Ganz andere Sorgen hatte ein anderer Renommierbetrieb: Nach seiner Insolvenz fand der Berliner Aufbau Verlag, einst der bedeutendste Verlag der DDR, im Oktober jedoch einen neuen Besitzer. Der Verleger Matthias Koch will die Aufbau-Tradition mit einem Großteil der 50 Beschäftigten fortführen.

Unterdessen beschleunigt sich die Digitalisierung der Buchbranche: Das E-Book wurde zum heimlichen Star des Jahres. Erste Exemplare der elektronischen Lesegeräte, die mit Hilfe der elektronischen Tinte überall bequem genutzt werden können, wurden im Oktober auf der Frankfurter Buchmesse bestaunt. In den USA ist der „Kindle“ des Online-Buchhändlers Amazon bereits auf dem Markt erfolgreich. Sony will seinen „Reader“ in Kooperation mit dem Buchgroßhändler Libri und der Buchhandels-Kette Thalia im Frühjahr 2009 bundesweit auf den Markt bringen. Kleinere Hersteller stehen ebenfalls bereit.

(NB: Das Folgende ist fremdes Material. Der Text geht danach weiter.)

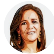
Margarita Zavala (Independiente)
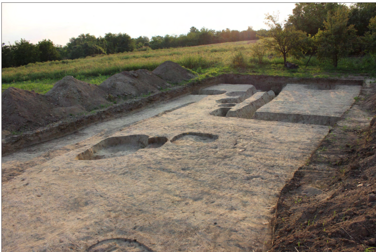
Sl. 1 Sotin Srednje polje – Vašarište, sonda 20 – pogled s jugozapada.

In Deutschland haben aber erst wenige Verlage die nötige Software im Programm, damit Bücher künftig auch elektronisch gelesen werden. „Das E-Book ist zwar jetzt angekommen“, sagt Branchenexperte Stephan Füssel. „Die Verlage müssen sich aber noch mehr der digitalen Welt öffnen und flexibler werden“, fordert der Mainzer Professor für Buchwissenschaft.